Multimodal large language models (MLLMs) have made remarkable progress in either temporal or spatial localization. However, they struggle to perform spatio-temporal video grounding. This limitation stems from two major challenges. Firstly, it is difficult to extract accurate spatio-temporal information of each frame in the video.
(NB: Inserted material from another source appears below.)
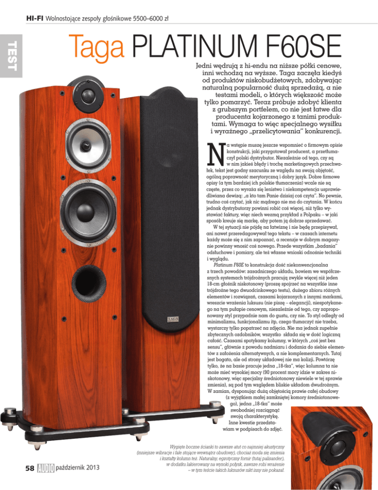 HI-FI Wolnostojące zespoły głośnikowe 5500–6000 zł TEST Taga PLATINUM F60SE Jedni wędrują z hi-endu na niższe półki cenowe, inni wchodzą na wyższe. Taga zaczęła kiedyś od produktów niskobudżetowych, zdobywając naturalną popularność dużą sprzedażą, a nie testami modeli, o których większość może tylko pomarzyć. Teraz próbuje zdobyć klienta z grubszym portfelem, co nie jest łatwe dla producenta kojarzonego z tanimi produktami. Wymaga to więc specjalnego wysiłku i wyraźnego „przelicytowania” konkurencji. N a wstępie muszę jeszcze wspomnieć o firmowym opisie konstrukcji, jaki przygotował producent, a przetłumaczył polski dystrybutor. Niezależnie od tego, czy są w nim jakieś błędy i trochę marketingowych przechwałek, tekst jest godny szacunku ze względu na swoją objętość, ogólną poprawność merytoryczną i dobry język. Dobre firmowe opisy (a tym bardziej ich polskie tłumaczenia) wcale nie są częste, przez co wyraża się lenistwo i niekompetencja usprawiedliwiana dewizą: „a kto tam Panie dzisiaj coś czyta”. No pewnie, trudno coś czytać, jak nic mądrego nie ma do czytania. W końcu jednak dystrybutorzy powinni robić coś więcej, niż tylko wystawiać faktury, więc niech wezmą przykład z Polpaku – w jaki sposób kreuje się markę, aby potem ją dobrze sprzedawać. W tej sytuacji nie pójdę na łatwiznę i nie będę przepisywał, ani nawet przeredagowywał tego tekstu – w czasach internetu każdy może się z nim zapoznać, a recenzje w dobrym magazynie powinny wnosić coś nowego. Przede wszystkim „badania” odsłuchowe i pomiary, ale też własne wnioski odnośnie techniki i wyglądu. Platinum F60E to konstrukcja dość niekonwencjonalna z trzech powodów: zasadniczego układu, bowiem we współczesnych systemach trójdrożnych pracują zwykle więcej niż jeden 18-cm głośnik niskotonowy (proszę spojrzeć na wszystkie inne trójdrożne tego dwuodcinkowego testu), dużego zbioru różnych elementów i rozwiązań, czasami kojarzonych z innymi markami, wreszcie wrażenia luksusu (nie piszę – elegancji), niespotykanego na tym pułapie cenowym, niezależnie od tego, czy zaproponowany styl przypadnie nam do gustu, czy nie. To styl odległy od minimalizmu, funkcjonalizmu itp, czego tłumaczyć nie trzeba, wystarczy tylko popatrzeć na zdjęcia. Nie ma jednak zupełnie zbytecznych ozdobników, wszystko składa się w dość logiczną całość. Czasami spotykamy kolumny, w których „coś jest bez sensu”, głównie z powodu nadmiaru i dodania do siebie elementów z założenia alternatywnych, a nie komplementarnych. Tutaj jest bogato, ale od strony układowej nie ma kolizji. Powtórzę tylko, że na basie pracuje jedna „18-tka”, więc kolumna ta nie może mieć wysokiej mocy (90 procent mocy idzie w zakres niskotonowy, więc specjalny średniotonowy niewiele w tej sprawie zmienia), są pod tym względem bliskie układom dwudrożnym. W zamian, dysponując dużą objętością prawie całej obudowy (z wyjątkiem małej zamkniętej komory średniotonowego), jedna „18-tka” może swobodniej rozciągnąć swoją charakterystykę. Inne kwestie przedstawiam w podpisach do zdjęć. 58 październik 2013 Wygięte boczne ścianki to zawsze atut co najmniej akustyczny (mniejsze wibracje i fale stojące wewnątrz obudowy), chociaż moda się zmienia i kształty kolumn też. Naturalny, egzotyczny fornir (tutaj palisander), w dodatku lakierowany na wysoki połysk, zawsze robi wrażenie – w tym teście takich luksusów nikt inny nie pokazał. www.audio.com.pl Cokolisko i wielkie kolce – mogą się podobać bardzo, średnio lub wcale, ale swoją rolę spełnią świetnie, szeroko rozstawione i łatwe do wyregulowania. R E K L A M A Tytanową kopułkę osłania dodatkowo metalowa siateczka (niezależnie od głównej maskownicy, którą można zdjąć), mogąca pełnić dodatkową funkcję dyfuzora. Lekkie wysunięcie głośnika wysokotonowego (ponad górną krawędź obudowy) ze standardową (dużą) osłoną nie jest tak korzystne, jak w przypadku głośników wysokotonowych o niewielkiej całkowitej średnicy (powstaje problem fal odbijanych od dodatkowej, biegnącej łukiem krawędzi). Producent informuje, że w nowej wersji tego tweetera (instalowanej w tej kolumnie) zastosowano magnes neodymowy, co teoretycznie dało okazję do zmniejszenia jego frontu, ale wymagałoby przecież przekonstruowania górnej części obudowy. Głośnik średniotonowy ma membranę aluminiową i klasyczny „korektor fazy” – nieruchomy, w kształcie pocisku, pozwalający na wentylację cewki i „układający” charakterystykę przetwarzania. Setki drobnych wgłębień na wylocie basrefleksu... Najwyraźniej B&W nie udało się skutecznie opatentować swojego „flow-portu” albo skutecznie egzekwować swoich praw. Zresztą różne formy wyżłobień tego elementu, mające poprawiać przepływ powietrza, widzimy w konstrukcjach wielu firm. www.audio.com.pl Niskotonowy jest najbardziej oryginalny ze względu na materiał membrany – producent informuje, że wykonał ją z wełny; być może chodzi o mieszankę wełny z celulozą, a nawet jeżeli o czystą wełnę, to w wyniku jakiegoś procesu technologicznego tworzącą sztywną strukturę. Wcześniej wełna była znana w technice głośnikowej jako materiał rekomendowany do tłumienia linii transmisyjnych, ale już trzydzieści lat temu firma Vieta stosowała membrany z bawełny. Kształt terminala nawiązuje do poprzecznego przekroju obudowy, a same zaciski są znacznie solidniejsze, niż zwykle spotykane w tym zakresie cenowym (podobne ma ESA), chociaż daleko im jeszcze do (cen) WBT... październik 2013 59 HI-FI Wolnostojące zespoły głośnikowe 5500–6000 zł TEST Laboratorium Taga Harmony PLATINIUM F60SE LAB rys. 2. charakterystyka modułu impedancji. Byłem szczerze ciekaw, jak wygląda charakterystyka przetwarzania kolumny grającej tak szczególnie; trudno

Secondly, the substantial number of visual tokens makes it challenging to precisely map visual tokens of each frame to their corresponding spatial coordinates. To address these issues, we introduce SpaceVLLM, a MLLM endowed with spatio-temporal video grounding capability. Specifically, we adopt a set of interleaved Spatio-Temporal Aware Queries to capture temporal perception and dynamic spatial information. Moreover, we propose a Query-Guided Space Decoder to establish a corresponding connection between the queries and spatial coordinates. Additionally, due to the lack of spatio-temporal datasets, we construct the Unified Spatio-Temporal Grounding (Uni-STG) dataset, comprising 480K instances across three tasks. This dataset fully exploits the potential of MLLM to simultaneously facilitate localization in both temporal and spatial dimensions. Extensive experiments demonstrate that SpaceVLLM achieves the state-of-the-art performance across 11 benchmarks covering temporal, spatial, spatio-temporal and video understanding tasks, highlighting the effectiveness of our approach. Our code, datasets and model will be released at https://github.com/Jayce1kk/SpaceVLLM.

Paper Structure

This paper contains 25 sections, 6 equations, 5 figures, 9 tables.

Figures (5)

  • Figure 1: Example of the Video Temporal Grounding (VTG), Referring Expression Comprehension (REC) and Spatio-Temporal Video Grounding (STVG) tasks in the proposed SpaceVLLM.
  • Figure 2: The Overall Architecture of SpaceVLLM. In SpaceVLLM, A set of ordered Spatio-Temporal Aware Queries is interleaved with visual tokens of each video frame to capture spatio-temporal information. The LLM's last-layer query embeddings, combined with corresponding visual and description embeddings, are fed into the Query-Guided Space Decoder to predict frame-wise coordinates.
  • Figure 3: Pipeline of data synthesis for STVG task.
  • Figure 4: Data characteristics of Uni-STG for STVG task.
  • Figure 5: Visualization between LLM-based model for the task of Spatio-Temporal Video Grounding. As for the box in the video, green is the ground-truth bounding box, purple is the Qwen 2.5 VL, yellow is the GroundingGPT and red is our SpaceVLLM.